The local antinociceptive actions of nonsteroidal antiinflammatory drugs in the mouse radiant heat tail-flick test

Ahmet Dogrul, S. Ezgi Gülmez, M. Salih Deveci, Husamettin Gul, Michael H. Ossipov, Frank Porreca, F. Cankat Tulunay

Research output: Contribution to journalArticle

19 Citations (Scopus)

Abstract

BACKGROUND: While many preclinical models detect the analgesic activity of nonsteroidal antiinflammatory drugs (NSAIDs), the radiant heat tail-flick response has repeatedly been insensitive to this class of drugs. As the tail-flick test involves nociceptive processing at spinal circuits with supraspinal modulation, it seems reasonable to assume that the NSAIDs should not modify strong nociceptive stimuli, since the primary site of action of NSAIDs is likely to be in the periphery.

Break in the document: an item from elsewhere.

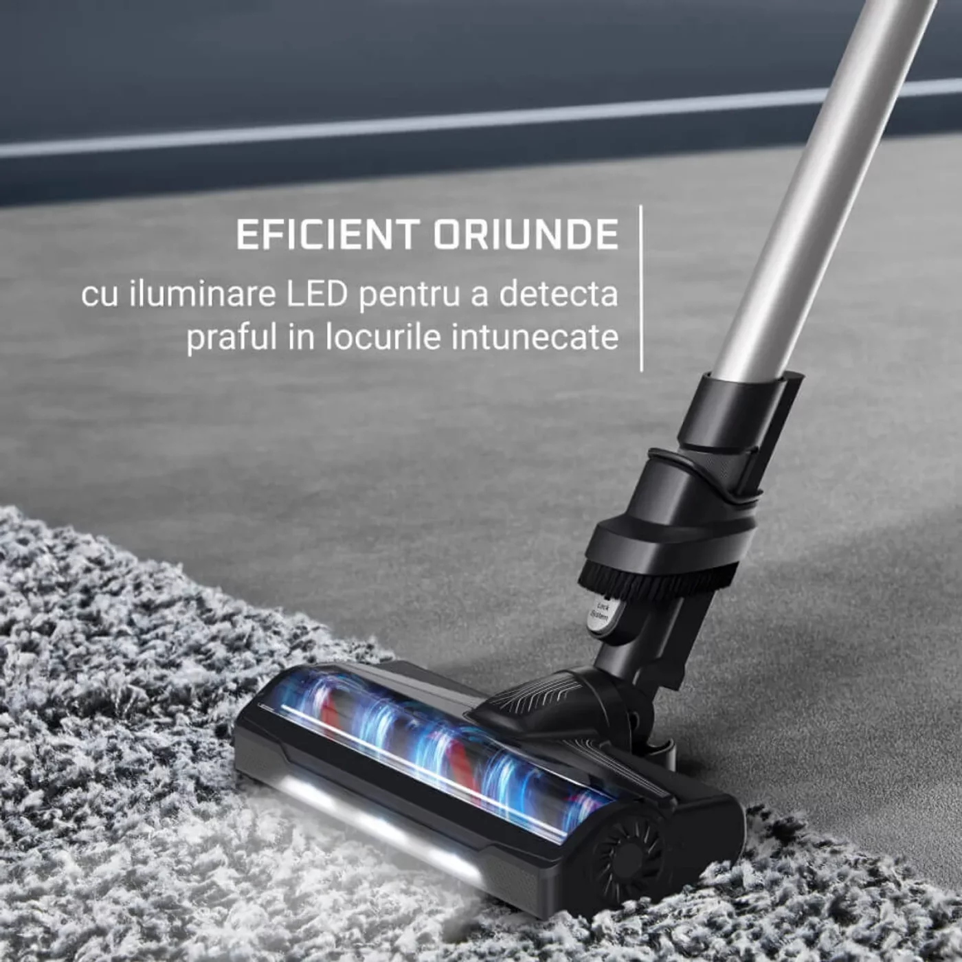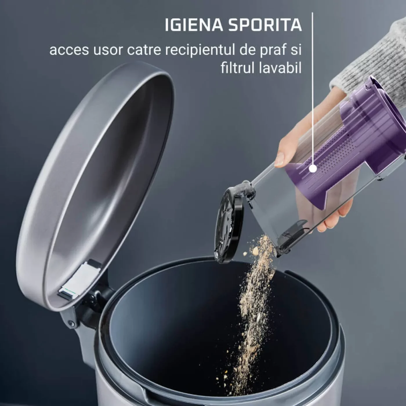 Високоефективната филтрираща система задържа до 99% от праха, алергените и фините частици, оставяйки след себе си по-чист и по-здравословен въздух. Моторизираната четка е оборудвана с вградено LED осветление, което изважда наяве праха, скрит под мебелите или в тъмните ъгли. Контейнерът за прах с обем 0,44 л е проектиран за хигиенично и бързо изпразване и е напълно миещ се за лесна поддръжка. Универсалността се осигурява от моменталното превръщане в ръчна прахосмукачка, което ви позволява да почиствате дивани, автомобилни седалки или високи помещения без никакви затруднения. С елегантен дизайн в лилаво и черно, Rowenta X-Pert 7.60 е модерният и надежден партньор за винаги подреден дом.

METHODS: We injected 3-300 μg of diclofenac, dipyrone, ketorolac, lysine acetyl salicylate, and sodium salicylate intradermally into mice tails and evaluated the tail-flick response to radiant heat. These results were compared with intraperitoneally injected controls. We also evaluated the ability of naloxone to reverse the observed effects. RESULTS: Intradermal injection of each NSAID produced a dose-dependent increase in tail-flick latency. Intraperitoneal NSAIDs injection produced no antinociceptive effects. Naloxone pretreatment had no effect on the antinociceptive effects of intradermal diclofenac, ketorolac, lysine acetyl salicylate, and sodium salicylate. Naloxone completely blocked the antinociceptive effects of intradermal dipyrone. CONCLUSIONS: Local, but not systemic, administration of NSAIDs produced antinociception in the tail-flick thermal assay. The endogenous opioid system contributes to the peripheral antinociceptive effects of dipyrone, but not to that of diclofenac, ketorolac, lysine asetyl salicylate, or sodium salicylate, suggesting differences in the mechanisms of action among the NSAIDs.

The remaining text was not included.